Find technical paper here.

2021 ACM/IEEE 48th Annual International Symposium on Computer Architecture (ISCA.)

“Abstract—In modern server CPUs, last-level cache (LLC) is
a critical hardware resource that exerts significant influence on
the performance of the workloads, and how to manage LLC is
a key to the performance isolation and QoS in the cloud with
multi-tenancy. In this paper, we argue that in addition to CPU
cores, high-speed I/O is also important for LLC management.
This is because of an Intel architectural innovation – Data
Direct I/O (DDIO) – that directly injects the inbound I/O
traffic to (part of) the LLC instead of the main memory. We
summarize two problems caused by DDIO and show that (1)
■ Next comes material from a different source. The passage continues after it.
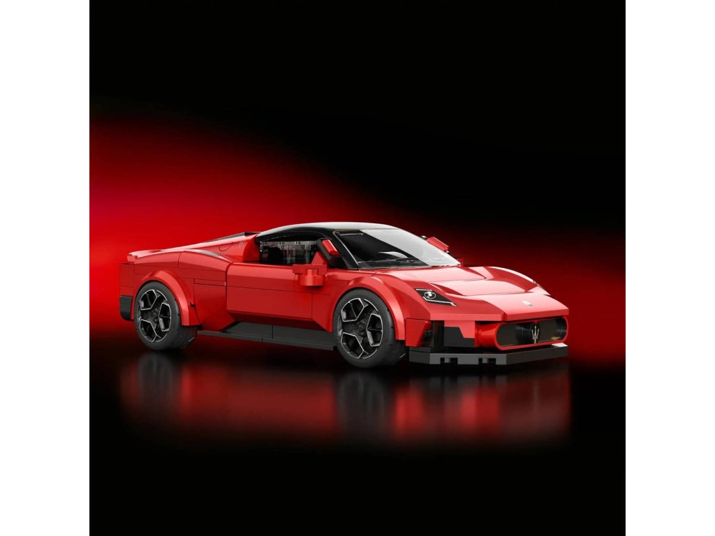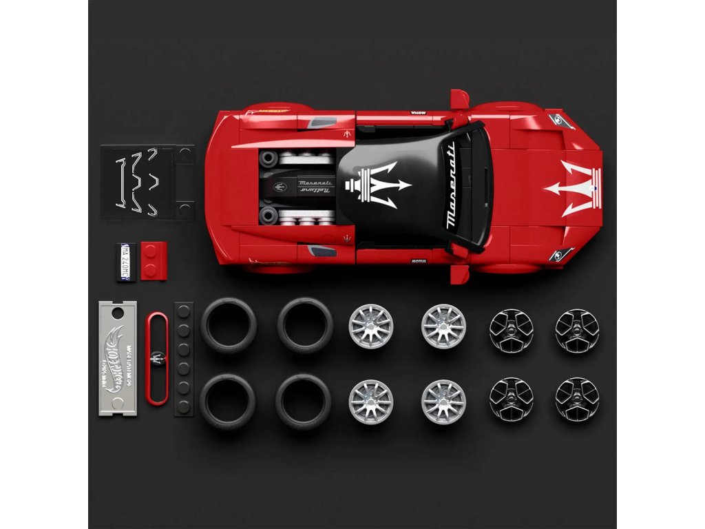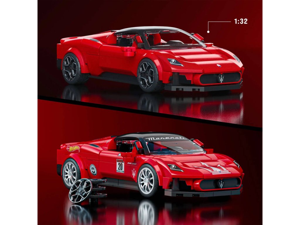 MATTEL Mega Hot Wheels auto Maserati MC20 1:32. Detailní prémiová stavebnice z kovu a plastu, součástí angličák a samolepky, 250 dílků. Velikost modelu 16,5cm

the default DDIO configuration may not always achieve optimal
performance, (2) DDIO can decrease the performance of non-I/O
workloads that share LLC with it by as high as 32%.
We then present IAT, the first LLC management mechanism
that treats the I/O as the first-class citizen. IAT monitors and
analyzes the performance of the core/LLC/DDIO using CPU’s
hardware performance counters and adaptively adjusts the number of LLC ways for DDIO or the tenants that demand more LLC
capacity. In addition, IAT dynamically chooses the tenants that
share its LLC resource with DDIO to minimize the performance
interference by both the tenants and the I/O. Our experiments
with multiple microbenchmarks and real-world applications
demonstrate that with minimal overhead, IAT can effectively and
stably reduce the performance degradation caused by DDIO.”